Records from a data source:
*** Begin section ***

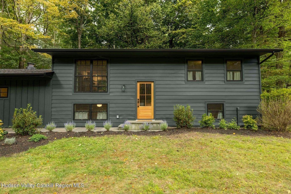 Tucked at the end of a quiet cul-de-sac, the Bearsville Social House is where ease, beauty, and connection come naturally. Set on a private acre in a stroll-worthy neighborhood, the home is just moments from the Bearsville Complex with its restaurants, bars, live music, and nearby parks and the new library. This chic and newly renovated home is minutes from Woodstock's town center. Life here feels both tucked away and close to everything. The home's deep green exterior blends beautifully with the landscape and hints at the attractive design character inside. With 2,350 square feet, there's space to spread out, gather, and relax. The living room is the heart of the home, where the original fireplace adds warmth and sliding doors open to the deck for indoor-outdoor living. Desirable built-in details, like the custom hutch, bar, and reading bench with generous storage, add to the home's charm. Classic English-style elegance and welcoming comfort meet in the kitchen, with handmade tiles, custom cabinetry, quartz counters, brass finishes, and a coffee bar framed by an arched detail that makes mornings feel more special. The kitchen is open to the dining room, which invites candlelit dinners and a deck perfect for al fresco dining under the breezy treetops. Upstairs, two airy bedrooms and a stylishly designed finished bath with imported limestone radiant-heated floors and handmade shower tiles create a sense of earthy luxury and retreat. Downstairs, the home opens to even more possibilities with two additional dreamy bedrooms, a second full bath with its own sophisticated design, a storage/ laundry room, and a flexible room that works perfectly as a playroom, den, wellness gym, home office, or media space. This intentionally designed house was entirely renovated with meticulous, top-of-the-line designer features, and no detail was left unaccounted for. Some of the many updates include new windows, a roof, high-end appliances, refinished floors, and efficient split systems, which make the home as practical as it is beautiful and welcoming. A complete list is available upon request. The property's outside grounds invite you to slow down and enjoy. It is a perfect place to entertain guests and loved ones. Two sweeping decks connect to a pea-gravel courtyard anchored by a fire pit, all tucked behind a privacy fence. A large new outbuilding waits to become a studio or workshop, while the fenced yard, garden/pool potential, and two-car carport round out the space. The Bearsville Social House offers the perfect blend of elegant design ethos, community, and charming retreat that sets a coolness factor in one of the area's most beloved & desirable towns.
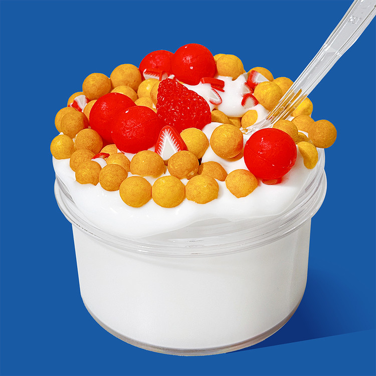 비스켓향, 우유베이스에 시리얼 폼볼과 딸기 파츠를 얹어 진짜 시리얼 같은 비주얼의 슬라임
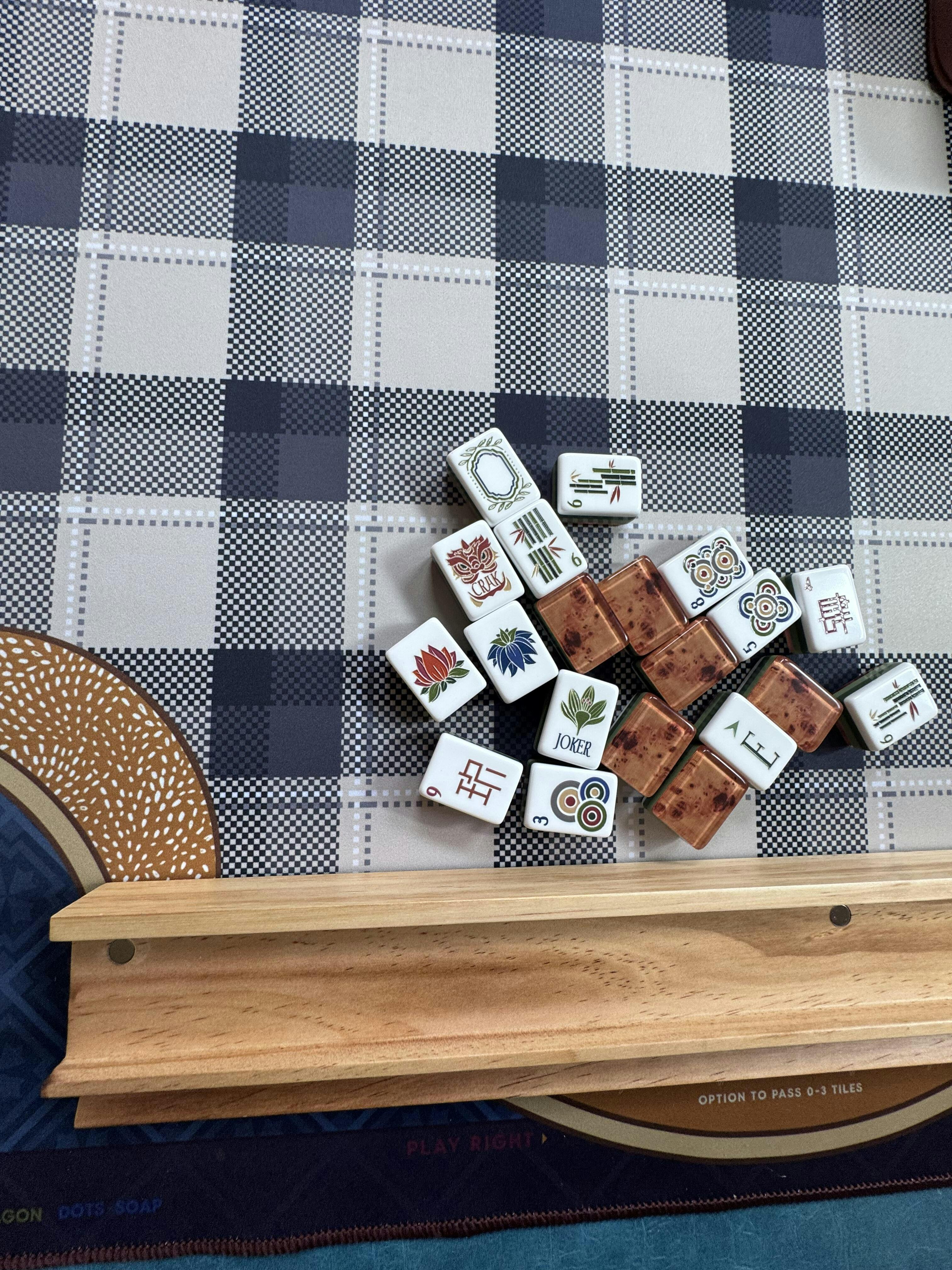 Introducing the Vanderbilt Mat — a distinguished and richly layered addition to your Mahjong setup, crafted for those who appreciate understated luxury and classic sophistication. Featuring a masculine-inspired plaid in deep blues, maroons, greys, and gold accents, this mat brings a warm, polished, and collegiate feel to your game night atmosphere.
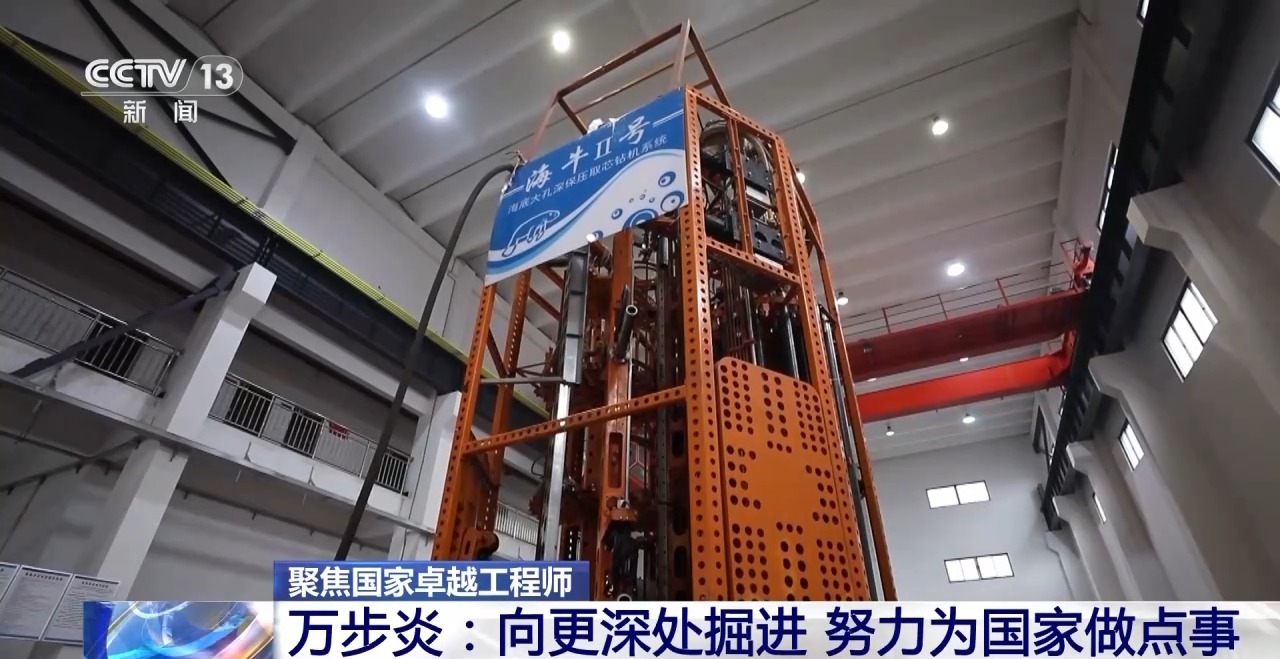 2015年,万步炎科研团队研发的“海牛号”取得成功,改写了我国深海海底钻机的钻探纪录。2021年,万步炎带着他们研发的“海牛Ⅱ号”向着2000米的深海进发。在抵达2060米的海底后,时年57岁的万步炎自己操控钻机20多个小时,钻机的钻探深度最终停留在231米,创造了当时海底钻机钻探深度新的世界纪录。除了钻得深,“海牛Ⅱ号”还带回来了珍贵的可燃冰,这不仅填补了我国钻深大于100米、具备保压取芯功能的深海海底钻机装备的空白,也刷新了世界深海海底钻机的钻深纪录,意味着我国在理论上具备了海洋矿产资源全覆盖的勘探能力,为我国加快建设海洋强国、实现高水平科技自立自强作出了突出贡献。
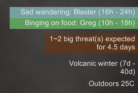 Cassandra works on a cyclic pattern. One or two major threats for 4.6 days, then 6 days with no major threats. Using this information you can make less risky choices. But tracking this information manually is arguably cumbersome. This mod puts the info into your UI. Allows you to turn off the data you aren't interested in, and customize the parts you are.

*** End section ***

[Work instruction]: Write out the lines above from the one with "Introducing the Vanderbilt" through the one with "2015年,万步炎科研团队研", ends included, exactly; no picture goes in.

[Expected answer]:
 Introducing the Vanderbilt Mat — a distinguished and richly layered addition to your Mahjong setup, crafted for those who appreciate understated luxury and classic sophistication. Featuring a masculine-inspired plaid in deep blues, maroons, greys, and gold accents, this mat brings a warm, polished, and collegiate feel to your game night atmosphere.
 2015年,万步炎科研团队研发的“海牛号”取得成功,改写了我国深海海底钻机的钻探纪录。2021年,万步炎带着他们研发的“海牛Ⅱ号”向着2000米的深海进发。在抵达2060米的海底后,时年57岁的万步炎自己操控钻机20多个小时,钻机的钻探深度最终停留在231米,创造了当时海底钻机钻探深度新的世界纪录。除了钻得深,“海牛Ⅱ号”还带回来了珍贵的可燃冰,这不仅填补了我国钻深大于100米、具备保压取芯功能的深海海底钻机装备的空白,也刷新了世界深海海底钻机的钻深纪录,意味着我国在理论上具备了海洋矿产资源全覆盖的勘探能力,为我国加快建设海洋强国、实现高水平科技自立自强作出了突出贡献。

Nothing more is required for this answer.